In conclusion, the Polish power sector needs to overcome its structural dependence on coal and the rigidity of the system in order to effectively achieve its energy transition goals.

4. Impact of EU Initiatives and Regulations on the Transition in Poland

Over the past two decades, EU energy and climate policies have had a major impact on the direction of change in Poland. The most important EU initiatives that have defined the transformation framework are [27,28,29,30,31,32]

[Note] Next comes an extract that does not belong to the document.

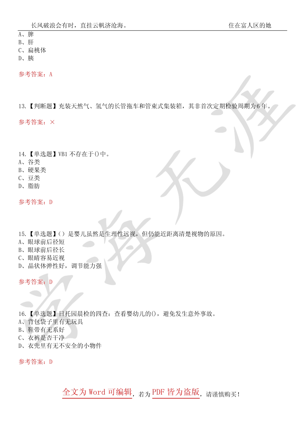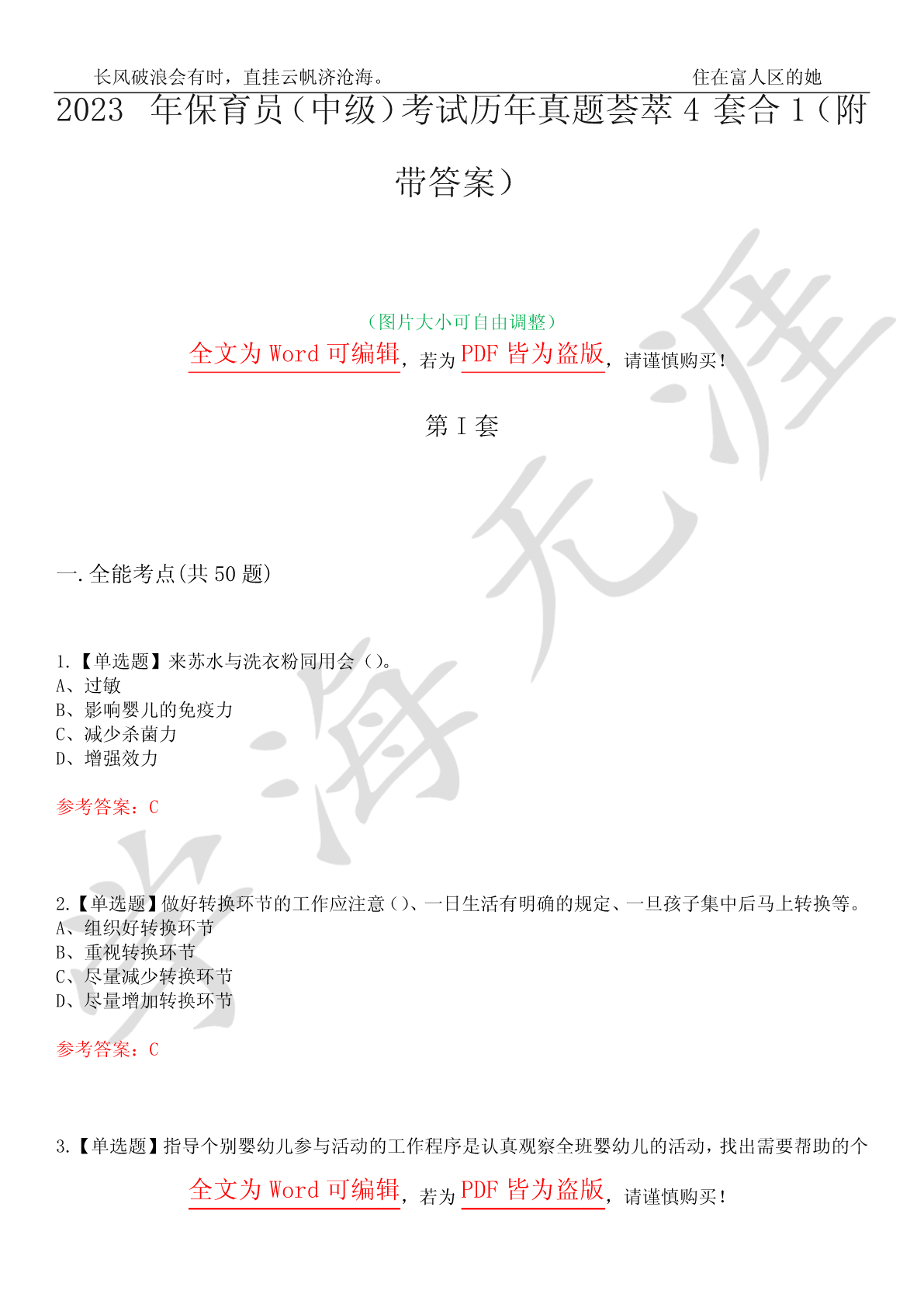 2023年保育员(中级)考试历年真题荟萃4套合1(附带答案)套卷14.pdf

  • The 2020 climate and energy package, adopted in 2008, involved the 3 × 20 target (by 2020, a 20% reduction in CO2 emissions, a 20% increase in the share of RES, and a 20% improvement in energy efficiency). Poland has been assigned national targets that take into account its lower starting point: a 15% share of RES in final energy consumption in 2020 and the possibility of a 14% increase in emissions in non-ETS sectors (relative to 2005) as part of the community’s reduction effort [4]. These targets become the driving force behind the first major transformation efforts in Poland—support for RES was developed, co-firing of biomass in power generation was increased and coal-fired power plants were modernised to improve efficiency. Nonetheless, Poland approached the 15% RES target with some difficulty—ultimately, the RES share in 2020 was around 12.9% (against the target of 15%), which meant failure to meet the commitment [33]. The need to implement the missing RES volume became the subject of negotiations under cooperation mechanisms (transfers of statistical surpluses from other countries). However, the 2020 package initiated an increase in investments in wind power plants in Poland (2008–2016) and projects aimed at improving energy efficiency in industry.

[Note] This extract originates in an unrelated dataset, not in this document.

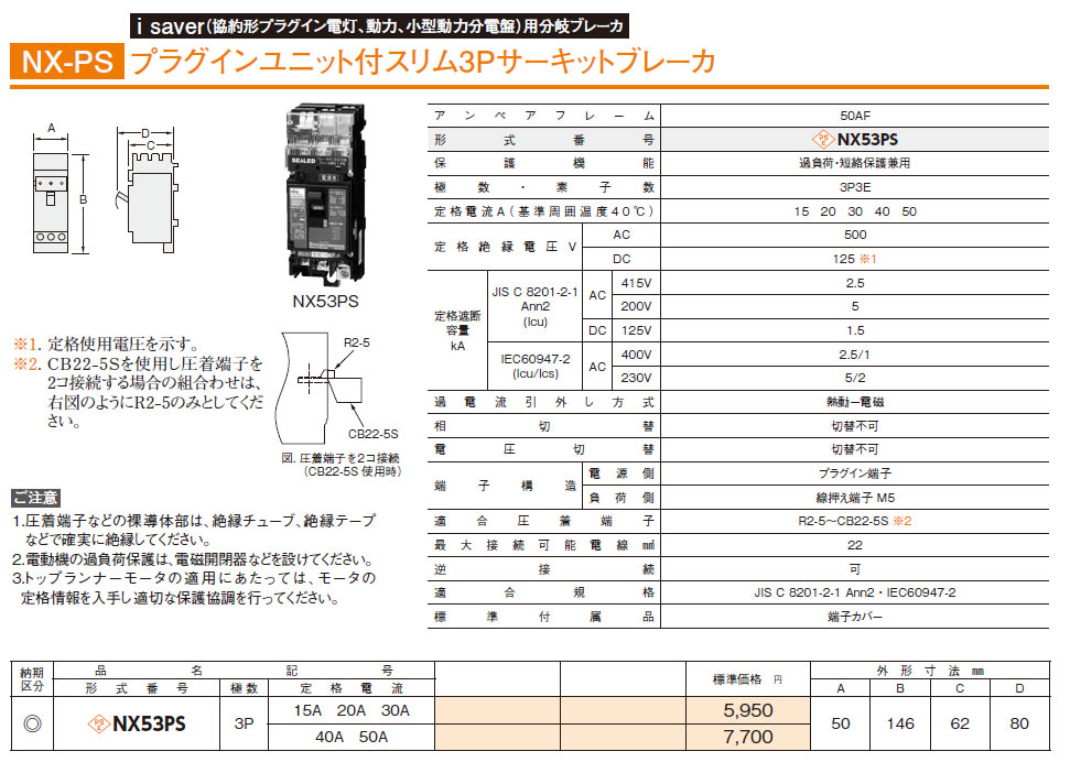 NX53PS 3P 30A プラグインユニット付スリム3Pサーキットブレーカ

  • The EU Emissions Trading Scheme (EU ETS)—launched in 2005—covered power plants and energy-intensive industries, introducing the cost of CO2 emissions as an economic factor [34,35,36,37,38,39,40]. For Poland, which relies on coal for ~70–90% of its energy production, the ETS has become a key driver of the transition. In the initial stages of the ETS, Poland negotiated important concessions including free allowances for the electricity sector for modernisation (derogation from Article 10c of the ETS Directive) and the establishment of the Modernisation Fund, a mechanism to support low-carbon investments financed by the sale of part of the allowances (Poland is the largest beneficiary of this fund). Nevertheless, since around 2018, the price of ETS allowances began to rise sharply, exceeding 50 EUR/t and, in 2021–2022, even 80–90 EUR/t [4]. This dramatically worsened the economics of coal-fired power plants, as the cost of CO2 became comparable to or higher than the cost of fuel. In 2022, the Polish power sector incurred some of the highest emission costs in the EU, which translated into higher wholesale energy prices. The government tried to mitigate the effects of the ETS by keeping the national emission fee low (in 2021, only EUR 0.07/t compared to ~89/t in the ETS market) and subsidising companies, among other things, through the aforementioned capacity market. Nevertheless, the pressure of the EU ETS has become a decisive factor forcing the closure of the oldest and least efficient coal-fired units. According to analyses, after 2025, there may be a rapid increase in coal-fired unit shutdowns; i.e., once their capacity contracts expire and in the absence of further subsidies, up to 8 GW may be withdrawn from the market around 2026, and another ~6 GW by 2030. [4]. This is a direct result of stricter EU rules—from July 2025, power plants emitting >550 g CO2/kWh will not be eligible for support under the capacity market. When negotiating the Commission’s approval for its capacity market, Poland had to accept this mechanism (550 g CO2/kWh), which effectively set a cut-off date for coal subsidies. In this way, the ETS and related regulations are forcing the accelerated decarbonisation of the Polish power sector.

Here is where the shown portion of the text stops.